I throw a veil over our sufferings. How we regretted the clean new post-house at Meana, and how glad we were to leave Turcomanchai[2] at the earliest break of dawn! The insects, however, were merely fleas, B flats, and those nameless to ears polite.

There was little or no snow on the road as we started, but it was sufficiently cold; the roads were hard, good, but full of loose stones.

Such was the journey—each day a repetition of that before it, varied only in weather.

February 12, after going 480 miles chupper, we were met about twenty miles from Teheran by Major S⸺, the director of the Persian telegraph department, Mr. B⸺, my medical chief, and Messrs. T⸺ and M⸺, secretaries of the English Legation, all friends of Colonel G⸺’s.

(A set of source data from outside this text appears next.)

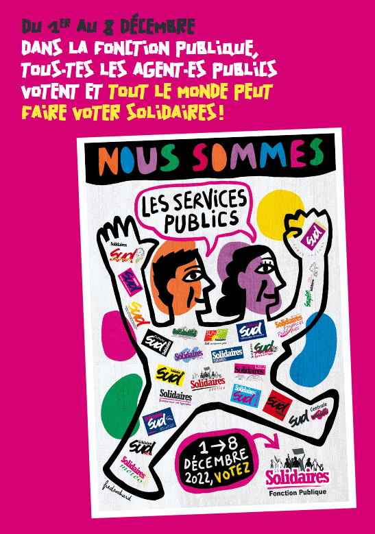 L’Union syndicale Solidaires dans la fonction publique, ce sont 25 organisations SUD et Solidaires, présentes dans la plupart des secteurs. Pour faire avancer le syndicalisme de lutte et vos revendications, le vote SUD et Solidaires doit être massif.
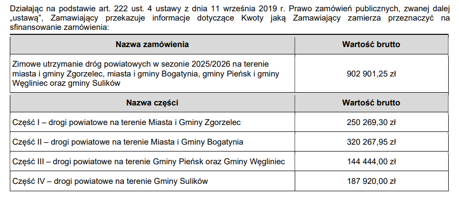Dziś zakończyło się postępowanie: Zimowe utrzymanie dróg powiatowych w sezonie 2025/2026 na terenie miasta i gminy Zgorzelec, miasta i gminy Bogatynia, gminy Pieńsk i gminy Węgliniec oraz gminy Sulików. Nie wiedzieć dlaczego, powiat bardzo późno wziął się do pracy i przetarg ogłosił dopiero w drugiej połowie listopada. Czyżby nikt tam nie przewidział, że opady śniegu pod koniec jesieni to w Polsce częste zjawisko – taki mamy klimat?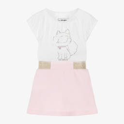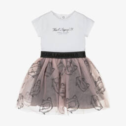 Cute black and white skirt set for little girls by KARL LAGERFELD KIDS. The cotton jersey T-shirt has a ribbed collar, branded button fastenings and neat pleats on the front. It features a rubberised Choupette on the chest for instant brand recognition. The glittery skirt is fully lined and has a ribbed, elasticated waist for a comfortable fit.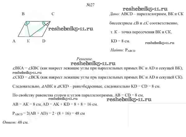 Готовая домашняя работа с ответами по Геометрии за 8 класс Казаков Учебник Народная асвета 2018 - Задачи 27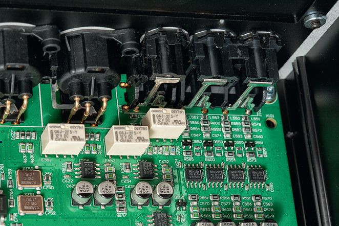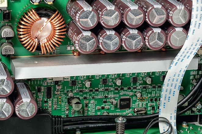 W końcówkach mocy zastosowano tranzystory marki Infineo Technologies, zamontowane do niewielkiego, metalowego “słupka". Za końcówkami mocy widać układ analogowych, pasywnych filtrów wyjściowych - "rekonstrukcyjnych". To konieczność, ale i słaby punkt większości wzmacniaczy impulsowych, w sekcji laboratoryjnej sprawdzimy, jak poradził sobie z tym Lyngdorf.

They escorted us to a place called Kerrij, a palace of the Shah’s, gave us a sumptuous dinner, and we lay down to sleep in huge rooms gay with paint, gilding, and coloured glass. A mighty brew of egg-flip prevented a wakeful night; and the next morning we rode over a muddy plain to Major S⸺’s house in Teheran, which was to be my home till I started for “down country.”

CHAPTER III.
TEHERAN.

Teheran—The Director’s house—Persian visits—Etiquette—Pipes, details of—Tumbakū—Ceremony—Anecdote—The voice of the sluggard—Persian medicine explained—My prospects as a medico—Zoological Gardens.

Teheran struck me as a poor place, particularly from the outside of the town; the streets were narrow, and the houses seemed mostly of plastered mud, or of mud alone. And when we reached Major S⸺’s house, on the outside the prospect was not inviting, but no sooner were we inside than everything was comfortable: good doors, good windows, carpets of great beauty, chairs—only try to do without these for a few days, and then, and then only, does one appreciate their comfort—big settees and divans, and a host of smart and attentive servants. Tea and pipes at once; a warm bath, much needed, in prospect, and, above all, the freedom from the morning’s call to boot-and-saddle at an unearthly hour.

No sooner was breakfast over than messages were for ever arriving for my chief as to what time he would receive this grandee or that friend; and shortly the ceremonious visits commenced. I was, of course, only too glad to see what a Persian visit was like.